Fake ID: Ausweis fälschen - so geht`s & und das sind die Strafen

Kristina Kielblock 2

Zu jung für die Disco? Kein Zutritt zum Kino? Ein gefälschter Ausweis scheint die Lösung für viele Probleme zu sein vor die ein interessierter Teenager gestellt ist. Dieser Ratgeber will euch nicht den Spaß verderben, aber deutlich über die Konsequenzen dieser vermeintlichen Lösung aufklären, da Seiten wie Fake ID & Co. die Angelegenheit mitunter zu sehr verharmlosen. 

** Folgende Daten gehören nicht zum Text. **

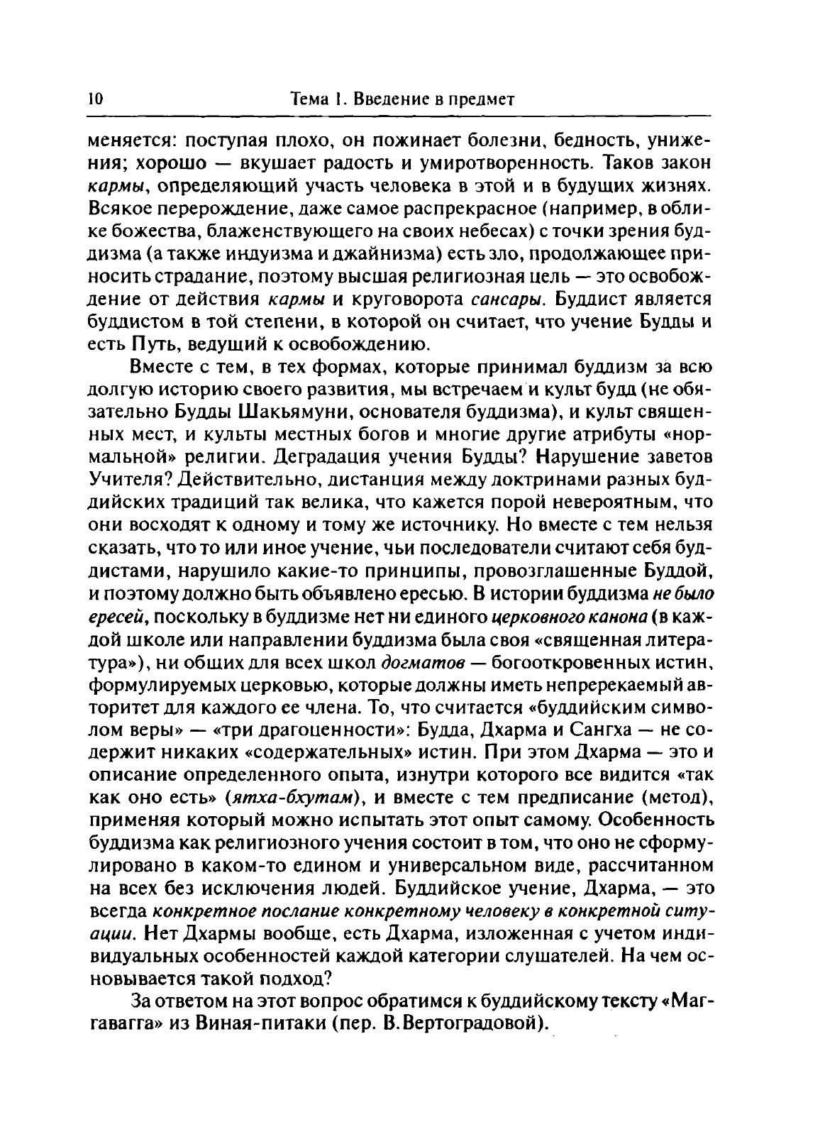 Учебное пособие «Ранний буддизм: религия и философия» состоит из Предисловия, 13 глав, Словаря основных терминов, и посвящено основным вопросам изучения раннего буддизма. Среди них: религиозно-философские представления в эпоху жизни Будды (5–4 вв.) до н.э.), понимание Буддой природы человека и его участи в мироздании, роли сознания в определении индивидуальной судьбы и причин, вовлекающие людей в круговорот перерождений, а также возможности освобождения от него. Кратко рассматривается эволюция учения Будды в более поздних направлениях буддизма (хинаяне, махаяне и ваджраяне). В каждой главе подробно разбираются тексты из «Сутта питаки» («Корзины бесед») второй части «Типитаки» — буддийского палийского канона школы тхеравада (многие из них переведены на русский язык впервые). В конце каждой главы – список рекомендованной литеруры и вопросы для самопроверки. Для студентов и преподавателей гуманитарных специальностей (история религии, история философии, культурология) и для всех, интересующихся буддийской культурой.

Ausweis fälschen: Fake-ID.de.

Einige Seiten im Internet machen sehr deutlich klar, für welche Zwecke sich die dort bestellbaren Ausweise eignen. Sie raten außerdem dazu, einen Anwalt hinzuzuziehen, wenn es Unsicherheiten bezüglich der geplanten Verwendung des falschen Ausweises geben sollte. Es wird auch auf die strafrechtliche Relevanz von gefälschten Personalausweisen eingegangen, teilweise wird aber suggeriert, das Fälschen eines Schüler-/Studentenausweises sei völlig unproblematisch: „Der Kauf, sowie der Besitz unserer Ausweise: Studentenausweise / Schülerausweise (kein Perso fälschen oder Führerschein fälschen oder amtlichen Ausweis bestellen) ist legal. Dies bestätigen über 1500 Kundenmeinungen auf ekomi.de“.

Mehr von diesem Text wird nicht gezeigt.